Understanding and complying with the U.S. FDA's stringent requirements for medical product labeling is crucial for manufacturers in the medical device and pharmaceutical industries. The FDA mandates comprehensive labeling standards under 21 CFR 801 to ensure the safety, efficacy, and quality of medical products.

Medical device and pharmaceutical manufacturers must incorporate specific elements related to labeling into their quality assurance (QA) programs to meet Good Manufacturing Practice (GMP) standards. This involves ensuring that labeling meets the requirements of the product's master record concerning content, legibility, placement, and adhesion. Additionally, labeling operations must be controlled to guarantee that the correct labeling is always used. Labeling encompasses equipment labels, control labels, package labels, directions for use, maintenance manuals, and even electronic displays that provide instructions, prompts, cautions, or parameter identifications. Recent Unique Device Identification (UDI) and Global Unique Device Identification Database (GUDID) requirements add further layers of compliance.

Why You Should Attend:

The FDA develops and enforces labeling regulations under the authority granted by laws enacted by Congress. These regulations apply to food, drugs, cosmetics, biologics, radiation-emitting electronic products, and medical devices. This webinar will cover the essential elements from various regulations and guidance documents pertinent to the labeling of medical devices and pharmaceuticals, including the latest UDI/GUDID mandates.
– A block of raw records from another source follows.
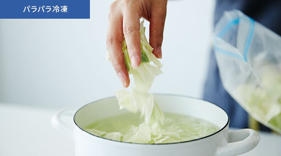 フレキシブルトレーに食材を入れて、下段冷凍室の中央にセットするだけで、栄養素や食感をキープできる※2「快速冷凍」や使いたい分だけ取り出して使える「パラパラ冷凍」、煮物などが短時間でおいしく作れる「味しみ冷凍」など、食材や用途に合わせた冷凍をすることができます。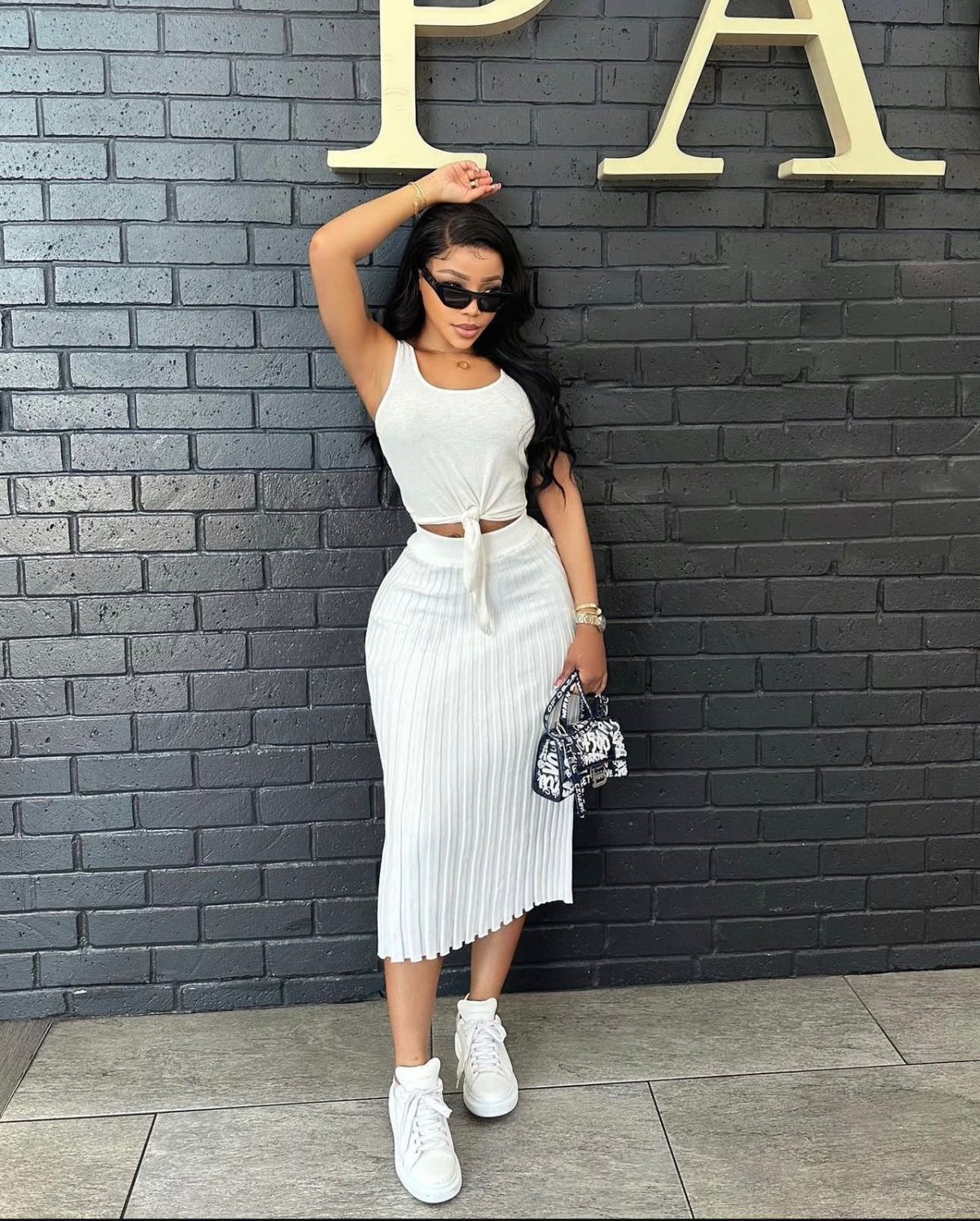 • Skirt: A high-waisted midi skirt that fits closely to the body. It is characterized by its ribbed-knit texture, which provides vertical lines that elongate the frame and offer a flexible, comfortable fit.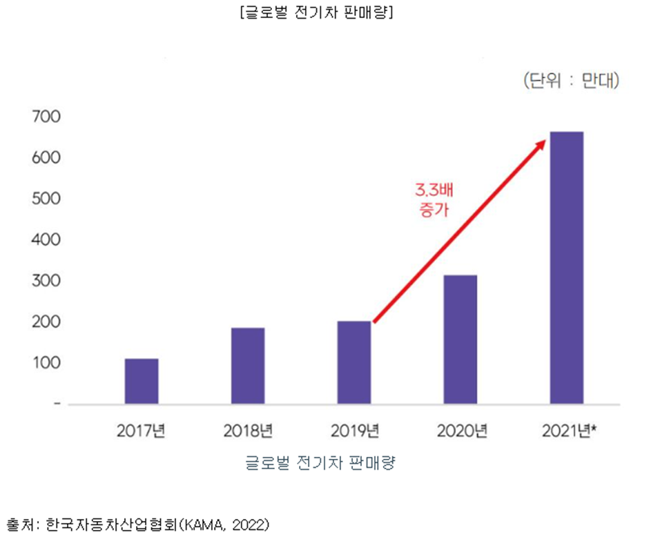 - 전방산업인 EV 시장은 2022년부터 2030년까지 연평균 약 19.97% 증가할 것으로 전망되며, 2030년에는 글로벌 전체 자동차 판매 대수 대비 전기차 비중이 약 40.95% 정도 차지할 것으로 전망. 2021년 글로벌 전기차 판매량은 2019년 대비 3.3배 증가.

Participants will learn the basic labeling requirements for medical products and the specific requirements for different categories of products. Key topics covered include labeling requirements for medical devices, Investigational Device Exemptions (IDEs), pharmaceuticals, dietary supplements, and over-the-counter (OTC) products. The webinar will address general requirements, issues of misbranding, and specific criteria for each product category, ensuring participants are well-equipped to meet FDA standards.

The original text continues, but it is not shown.